Kasai Mexicana develops its own technology for its production processes, a strategy that has allowed the company greater control over quality and innovation. One example is its Kasai Press Molding, a low-pressure molding system that injects plastic along with the exterior texture, creating a one-layer, high-quality finish.

Kasai Mexicana also uses a simultaneous forming system, in which polystock for substrate and the exterior texture are heated and then formed at the same time. Kasai Mexicana also utilizes the Kimekomi method, through which the trim fabric is bonded and then inserted into the edge of the door’s groove.

Through injection molding processes at the plant, plastic is poured into a mold and then hardens.

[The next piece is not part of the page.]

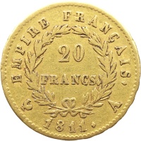 Reverse legend: EMPIRE FRANCAIS. 20 FRANCS. 1811. A

Under a different method, known as powder slush forming, the exterior layer, which has the feel of natural leather, is molded by feeding PVC power into the heated tool and rotating it. For vacuum forming, sharp lines are created on door trims by using a vacuum to form a heated layer into the tool. The company also deploys a compressed air assist process, in which the dash insulator is produced by suctioning the heated exterior layer and blowing cold air into the back side of acoustical material.

In its plant, the company has injection machines with capacities starting at 220 tons and going up to 3,000. It also has KPM unit systems and machinery for insulator dash manufacturing.

Currently, about 80 percent of the company’s assembled products are sent for exportation. The products reach a variety of locations throughout the world, including the North America, South America, Europe and the Middle East.

Kasai Mexicana has TS-16949:2002 certification. It is a three-time recipient of the Zero Defects Award and the Quality Master Award, both issued by Nissan. It has also received a Recognition of Excellence from Honda de Mexico.

Such recognition underscores the company’s efforts. Kasai Mexicana strives to maintain its position as a cutting-edge player in the auto supply chain. It continually seeks ways to offer customers new products equipped with the latest technology. It also focuses on creating products that include top safety features. Throughout its development and production phases, the company embraces an environmentally friendly approach. To ensure quality, it sends products through a series of tests, including impact testing, temperature change testing, and discoloration testing.

Mexico’s automotive industry has grown substantially in recent years. In this expansion era, Kasai Mexicana emerged as a regional leader in its surrounding tri-state area (Aguascalientes, Jalisco, and Guanajuato). It has also contributed to the economy in its surrounding area by providing jobs. In addition, it offers a positive example, setting the highest standards for other auto industry suppliers.

Its financial health has been robust. From 2003 to 2011, Kasai Mexicana realized 400-percent growth. Increased production capacity matches its employee population growth. In 2003, Kasai Mexicana had just over 100 workers. By 2011, it boasted more than 800 people on its payroll.

While the company currently operates one plant in Leon, Guanajuato, it plans to expand. It has a project in place to increase the size of its current plant. Also, in June 2012, company officials expect to begin the construction of a second plant, which is scheduled to be opened toward the end of 2013. The second plant will mean new jobs, for between 600 to 800 people, notes Alcala.

Expansion plans coincide with a forecasted need for higher production levels. “We’re growing with the arrival of new assemblers and clients,” says Alcala.

In addition to continuing its work for top clients such as Nissan and Honda, the company is looking at potentially participating in new plants set up by Honda and Mazda. “In the next three years, we hope to increase our current production capacity by 100 percent,” Alcala adds.

This move will put the company in a solid position to partner with leading companies in the automotive industry, and it will also provide an opportunity to offer clients an even wider range of highly innovative, quality products.